### [TASK DESCRIPTION]
Pictures aside, please retype the whole listing word for word.

### [INFORMATION PROVIDED]
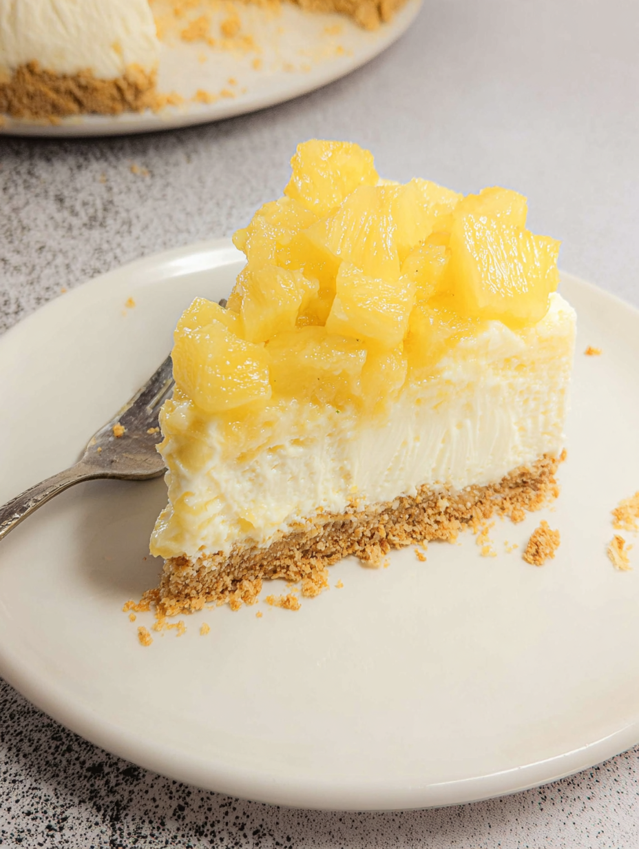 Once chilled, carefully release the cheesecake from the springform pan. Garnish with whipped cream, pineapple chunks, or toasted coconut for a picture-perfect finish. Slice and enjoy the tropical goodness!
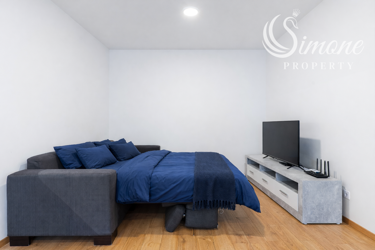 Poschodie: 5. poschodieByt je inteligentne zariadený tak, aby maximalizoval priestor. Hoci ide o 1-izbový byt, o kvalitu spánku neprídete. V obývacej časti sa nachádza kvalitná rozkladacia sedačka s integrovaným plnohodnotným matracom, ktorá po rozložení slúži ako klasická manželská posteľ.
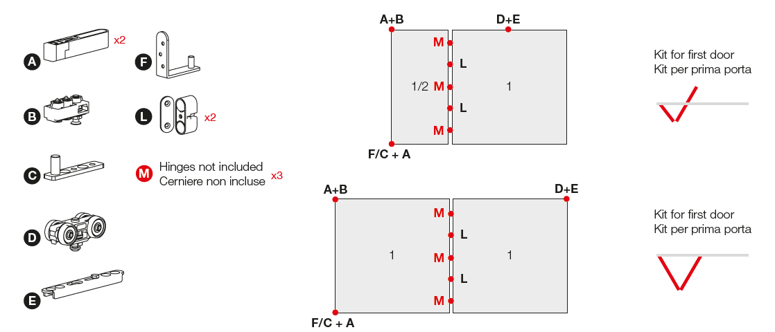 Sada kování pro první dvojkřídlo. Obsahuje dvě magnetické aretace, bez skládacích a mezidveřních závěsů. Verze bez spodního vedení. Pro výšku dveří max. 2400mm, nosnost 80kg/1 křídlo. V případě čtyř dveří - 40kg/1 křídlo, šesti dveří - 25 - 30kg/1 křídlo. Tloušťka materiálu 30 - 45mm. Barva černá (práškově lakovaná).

### [PROBLEM SOLUTION]
 Once chilled, carefully release the cheesecake from the springform pan. Garnish with whipped cream, pineapple chunks, or toasted coconut for a picture-perfect finish. Slice and enjoy the tropical goodness!
 Poschodie: 5. poschodieByt je inteligentne zariadený tak, aby maximalizoval priestor. Hoci ide o 1-izbový byt, o kvalitu spánku neprídete. V obývacej časti sa nachádza kvalitná rozkladacia sedačka s integrovaným plnohodnotným matracom, ktorá po rozložení slúži ako klasická manželská posteľ.
 Sada kování pro první dvojkřídlo. Obsahuje dvě magnetické aretace, bez skládacích a mezidveřních závěsů. Verze bez spodního vedení. Pro výšku dveří max. 2400mm, nosnost 80kg/1 křídlo. V případě čtyř dveří - 40kg/1 křídlo, šesti dveří - 25 - 30kg/1 křídlo. Tloušťka materiálu 30 - 45mm. Barva černá (práškově lakovaná).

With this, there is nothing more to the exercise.